Characterisation of rocks in drill core logging affects downstream exploration and extraction decisions. However, due to geological complexity, evolving geological understanding in multi-year projects, and time pressure, inconsistencies during drill core logging can arise. In order to cope with these challenges, machine learning (ML) has been proposed to assist geologists with a consistent basis for informed decisions in a timely manner, while also offering a potential approach for gaining deeper geological insights from drilling data. However, ML model outputs are usually deterministic and unjustified. Thus, the objective of this thesis is to contribute to laying the methodological foundations for a future decision support tool, grounded in geological knowledge and best practices in geodata science, that can handle uncertainty and justify its decisions to the exploration geologist.
To fulfil this objective, the Rävliden North Zn-Pb-Ag-Cu volcanogenic massive sulphide (VMS) deposit in the Palaeoproterozoic Skellefte district, Sweden, was chosen as a case study location, where volcanic facies and alteration patterns of the host rocks were characterised to formulate a geological knowledge base. This knowledge was then used to inform training of ML models. Importantly, methods for quantifying model uncertainty were assessed, as well as methods from explainable artificial intelligence (XAI) to assess their use for justifying model outputs.
The Rävliden North VMS deposit is hosted by tremolite-rich calc-silicate rocks, chlorite and sericite schists, and graphitic phyllite in the contact between the 1.89–1.88 Ga Skellefte group and overlying 1.89–1.87 Ga Vargfors group. The precursors are a heterogeneous succession of volcaniclastic and coherent rhyolites, dacites and andesites. The VMS deposit formed by replacement-style mineralisation in carbonate-rich porous volcaniclastic facies beneath an impermeable barrier of organic rich mudstone. The carbonate-rich rocks were a result of early calcitic alteration associated with mass gains of CaO. During mineralisation, ore proximal chloritic alteration was associated with mass gains in MgO and FeO, alongside mass losses in K2O and Na2O. To quantify the uncertainty of mass change calculations a method called propagated mass change error (PROMACE) was developed. The propagated errors for Na2O, MgO, K2O, CaO and FeO were on average ±1.1 wt%. For Si2O they were on average ±11.1 wt%. Notably, it is found that large mass gains are associated with larger errors than mass losses of the same magnitude.

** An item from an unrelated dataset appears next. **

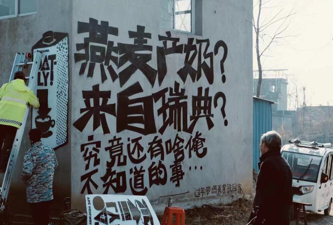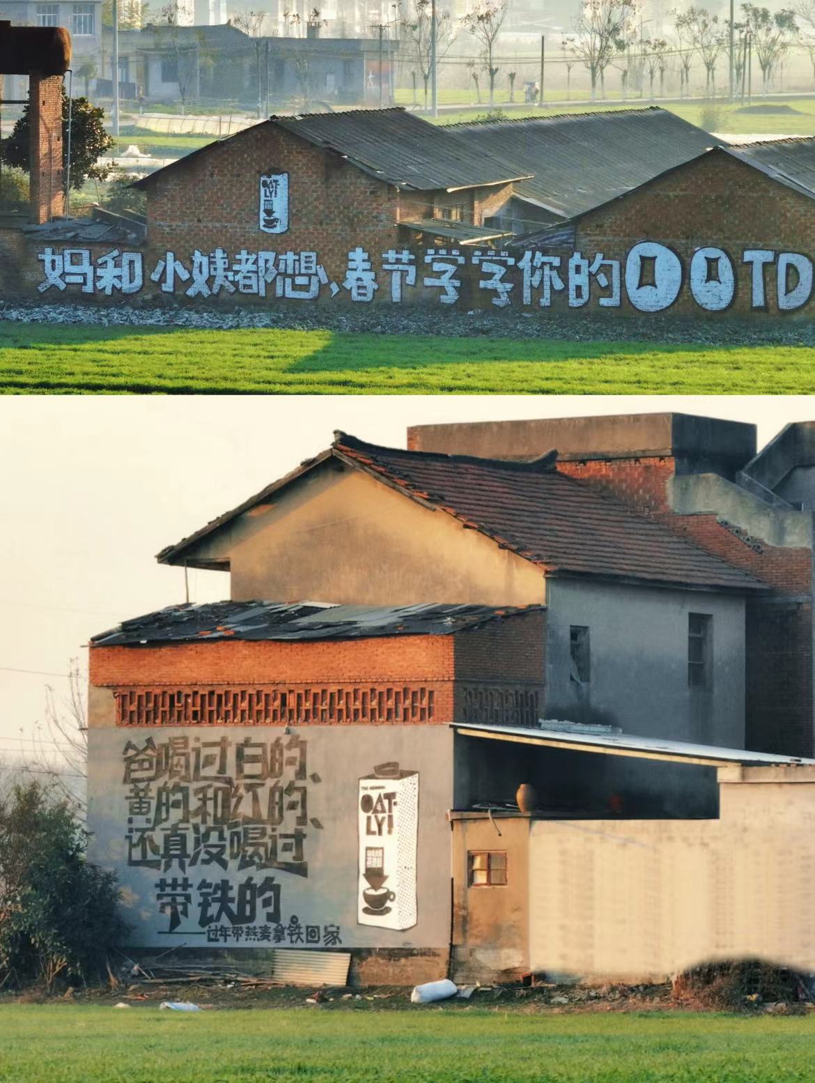 这也决定了墙面上的广告相比短视频、电视广告等形式,更容易给人留下深刻的印象。新潮的视觉效果与传统乡村场景形成对比,结合互联网语言,能在目标群体年轻人中具有更好的传播度,从而能起到起码让回家的人也记得OATLY这一品牌的作用。

Random forest (RF), support vector machine (SVM) and multilayer perceptron (MLP) models were applied to X-ray fluorescence drill core scan data to classify rock types. Drill core scans from 15 exploration holes were used as training data and three as test data. It was found that intra-site generalisability was low for all models, where RF achieved the highest mean F1 test score of 0.476 ± 0.034. As for intra-dataset generalisability, model performance was higher, where SVM yielded the highest average F1 training score of 0.863 ± 0.015. Importantly, for representing intra-site generalisability in training results, stratified group K-fold cross-validation is recommended.

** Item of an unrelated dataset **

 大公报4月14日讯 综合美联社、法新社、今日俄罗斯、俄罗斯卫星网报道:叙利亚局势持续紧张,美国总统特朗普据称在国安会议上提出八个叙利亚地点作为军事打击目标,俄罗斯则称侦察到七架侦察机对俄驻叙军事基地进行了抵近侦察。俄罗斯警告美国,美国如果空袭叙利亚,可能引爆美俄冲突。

Different variants of pre-processing were explored, and it was found that SVM benefits from implementation of a centred log-ratio transform (mean training F1 = 0.863 ± 0.015 with and F1 = 0.720 ± 0.016 without). Notably, it was found that model-based imputation of missing values and data augmentation with a synthetic minority oversampling technique made little difference for any of the ML models.
A more detailed study of MLP models was conducted in which performance on precursor, alteration type and rock type classification was assessed. F1 training scores for precursor classification was 0.599 ± 0.223, whereas performance on alteration and rock type was lower with F1 scores of 0.431 ± 0.038 and F1 = 0.401 ± 0.081 respectively. Model uncertainty was quantified with Monte Carlo dropout (MCD) that indicated higher uncertainty for alteration and rock type classification than for precursor classification suggesting that classification tasks that take alteration into account are more challenging.
SHapley Additive exPlanations (SHAP) were used to justify MLP predictions. This revealed that the model relies on meaningful geological features, such as Zr and Ti to distinguish precursors or Ca to identify calcitic alteration. However, in some cases, indirect feature to target relationships were learned. For such classes it was also found that model performance was generally lower.
The results of this thesis show how geological knowledge can be structured and applied with best practice procedures in model training and pre-processing. Additionally, uncertainty estimates with PROMACE for mass change estimates and MCD for rock classification, together with SHAP for model interpretability, can provide geologists with transparent and justifiable outputs.
Luleå: Luleå University of Technology, 2026.